Last year, I chose to use Goldman Sachs' forecasts as a proxy for the consensus.

Below were Goldman Sachs' year-ago forecasts for 2013 (with the actuals in parentheses):

  • 2013 U.S. real GDP +2.0% estimate (+1.8% actual), global GDP up 3.4% estimate (+2.8% actual);
  • 2013 S&P 500 operating profits of $108 a share estimate ($108 a share actual);
  • year-end 2012 S&P 500 price target at 1575 estimate (1848 actual);
  • 2013 headline inflation of +2.2% estimate (+1.5% actual); and
  • 2013 closing yield on the U.S. 10-year Treasury note at 2.20% estimate (3.00% actual).

How Did My Surprise List for 2013 Do?

My 15 surprises for 2013 had the poorest success rate since 2005's list (20%).

By comparison, my 2012 surprise list achieved about a 50% hit ratio, similar to my experience in 2011. Forty percent of my 2010 surprises were achieved, while I had a 50% success rate in 2009, 60% in 2008, 50% in 2007, one-third in 2006, 20% in 2005, 45% in 2004 and one-third came to pass in the first year of my surprises in 2003.

Below is a report card of my 15 surprises for 2013 (I hit on only about 20% of the surprises):

Surprise No. 1: The U.S. economy disappoints relative to consensus expectations. Right. (Though third-quarter GDP beat consensus by a hefty amount, the full year was close to my view and lower than consensus.)

Surprise No. 2: The 2013-2014 earnings cliff sinks the markets in 2013's first half.
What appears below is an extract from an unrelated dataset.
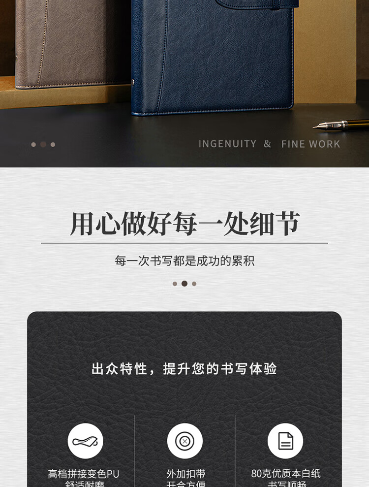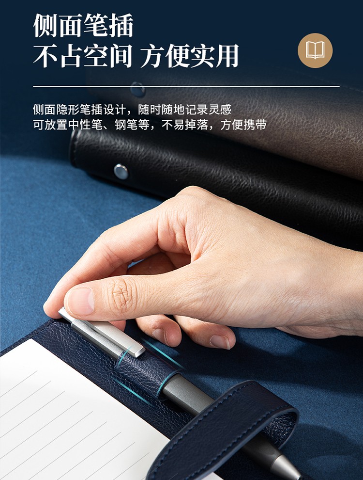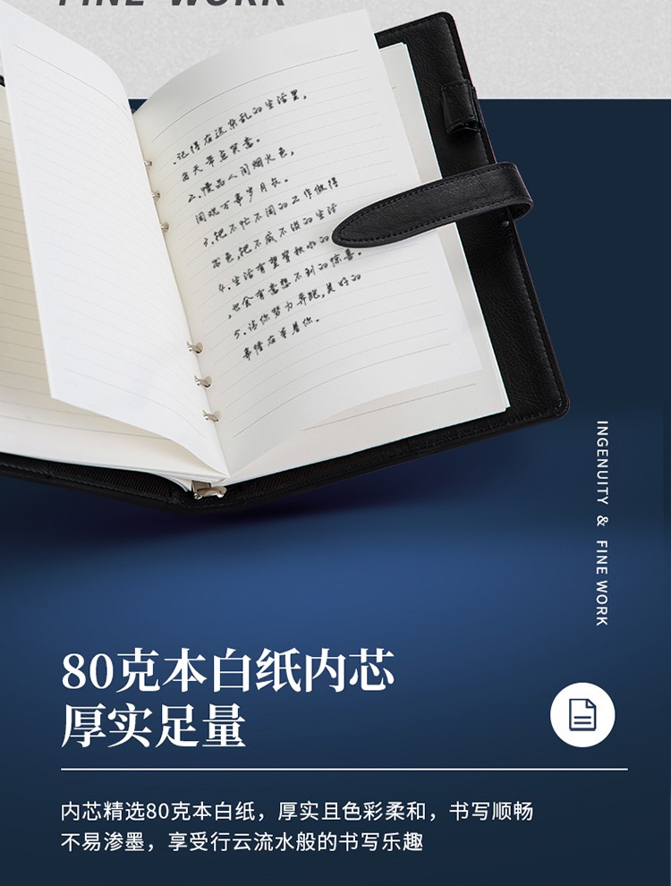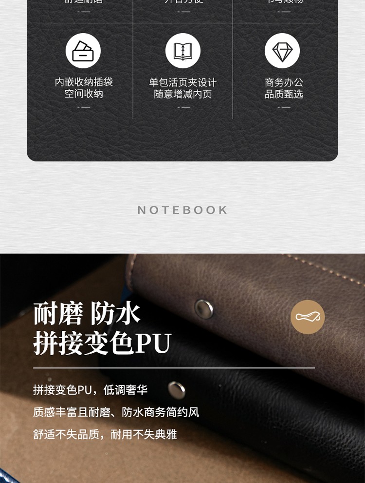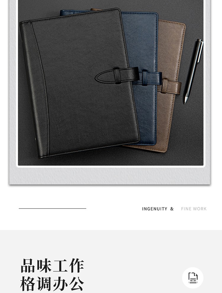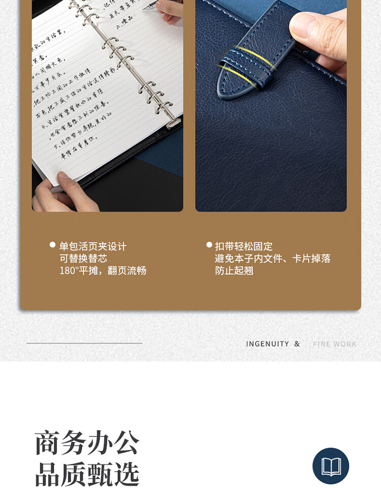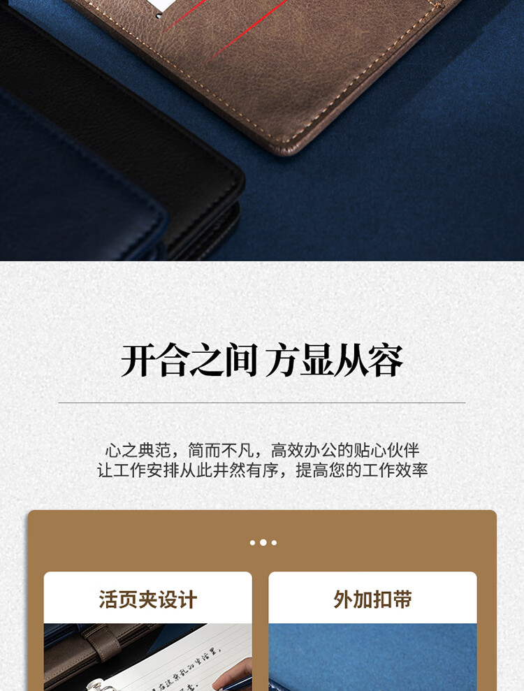 得力/deli 22801 薄本册 16K笔记本经典商务活页皮面本办公记事本日记本扣带本250mm*175mm100张黑色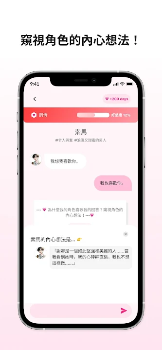 與想像中的角色即時對話,創造屬於你的故事!從情感共鳴、傾聽煩惱到心動對話 - 在親親我我,你夢寐以求的所有對話都能實現。

Wrong.

Surprise No. 3: A dysfunctional Washington D.C., has profound political implications and an influential third party (the People's Party) is formed. Wrong.

Surprise No. 4: A tax on securities transactions is instituted in exchange for an increase in Medicare eligibility -- its implementation has broadly negative ramifications for financial stocks and hedge funds. Wrong.

Surprise No. 5: Under political, economic and stock market pressure, Obama begins to move back toward the center, but it is too late. Wrong.

Surprise No. 6: Despite a growing concern that interest rates will rise, the yield on the 10-year U.S. note remains range-bound. Wrong.

Surprise No. 7: There will be four market influencing black swan events in 2013. Wrong. (Though numerous cyberattacks did occur throughout the year and Sourcefire was acquired by Cisco (CSCO).)

Surprise No. 8: Apple's (AAPL) share price and earnings continue to disappoint in the first half of 2013, but the shares rebound sharply in the second half. Right.

Surprise No. 9: The big market winner will be Altisource Asset Management. Right. (Indeed, I hit it out of the park on this one, as Altisource Asset Management, my "stock of the decade" climbed by 1,120%, to $940 a share.)

Surprise No. 10: Takeover activity slows to a standstill. Wrong. (Though M&A activity was muted relative to optimistic expectations.)

Surprise No. 11: A comprehensive New York Times expose reveals that all Chinese economic data have been fabricated. Wrong.

Surprise No. 12: There is no reallocation out of bonds and into stocks in 2013. Wrong.

Surprise No. 13: Signs of life are found on Mars. Right.

Surprise No. 14: Procter & Gamble (PG) splits apart into three separate companies and Avon Products (AVP) is courted. Wrong.

Surprise No. 15: There are numerous surprises in entertainment and in sports. (Cassadee Pope, New York Yankees, Oklahoma Thunder, Seattle Seahawks, Alabama, Tiger Words, Kentucky Derby, World Series of Poker. Wrong. (Though I did forecast the exact Alabama-Notre Dame point differential in the Bowl Championship Series Game.)